Многие ученые, в частности Эрик Робертсон Доддс (в его книге «Язычник и христианин в смутное время»), обращали внимание на то, что общественную психологию поздней античности характеризует коллективное ощущение вины, преодоление которой виделось в совершенно ином образе жизни, чем тот, который был характерен для веков перед Рождеством Христовым. Ощущение «вброшенности» в мир, неистинности повседневной формы существования накладывало особый отпечаток на отношения с действительностью. Преодоление этой вины виделось и в победе над властью Бахуса – хотя бы на уровне проповеди. Потребление вина стало восприниматься как что-то недолжное, греховное, хотя исчезнуть из жизни античного, а потом средневекового сообщества уже не смогло.
Конечно, процесс этот был сложным и многогранным. Симпосии сохранятся и в христианском мире – преобразуясь, порой до неузнаваемости, в связи с новыми религиозными и культурными установками. А в первые века по Рождеству Христову пиры оказывались подчас формой культурной самоидентификации. Выше были приведены подобные примеры: возрождение высокой греческой культуры во II в. н. э. проявлялось и в возрождении института симпосиев, участники которых ощущали себя принадлежащими к вечному «телу» классической словесности и традиции.
Вместе с тем у образованной по классическим стандартам интеллигенции возникла тенденция не только религиозного, но и морального осуждения винопития – во всех, даже «культурных», его формах. Один из самых ярких примеров такого осуждения нам дает Луций Аней Сенека – знаменитый римский философ-стоик.

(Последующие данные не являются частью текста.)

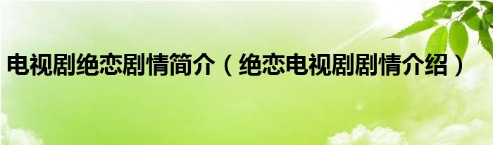 大家好,小晋来为大家解答以下问题,关于电视剧绝恋剧情简介,绝恋电视剧剧情介绍很多人还不知道,今天让我们一起来看看吧!

Приближенный к императорскому двору, даже удостоившийся почетной, но неблагодарной роли воспитателя императора Нерона, Сенека стал свидетелем достаточного количества излишеств, которым предавался императорский двор. Его негодование становится вполне понятным, если вспомнить описание Светонием тех безобразий, до которых доходили свято верившие в свою божественность императоры I в. н. э.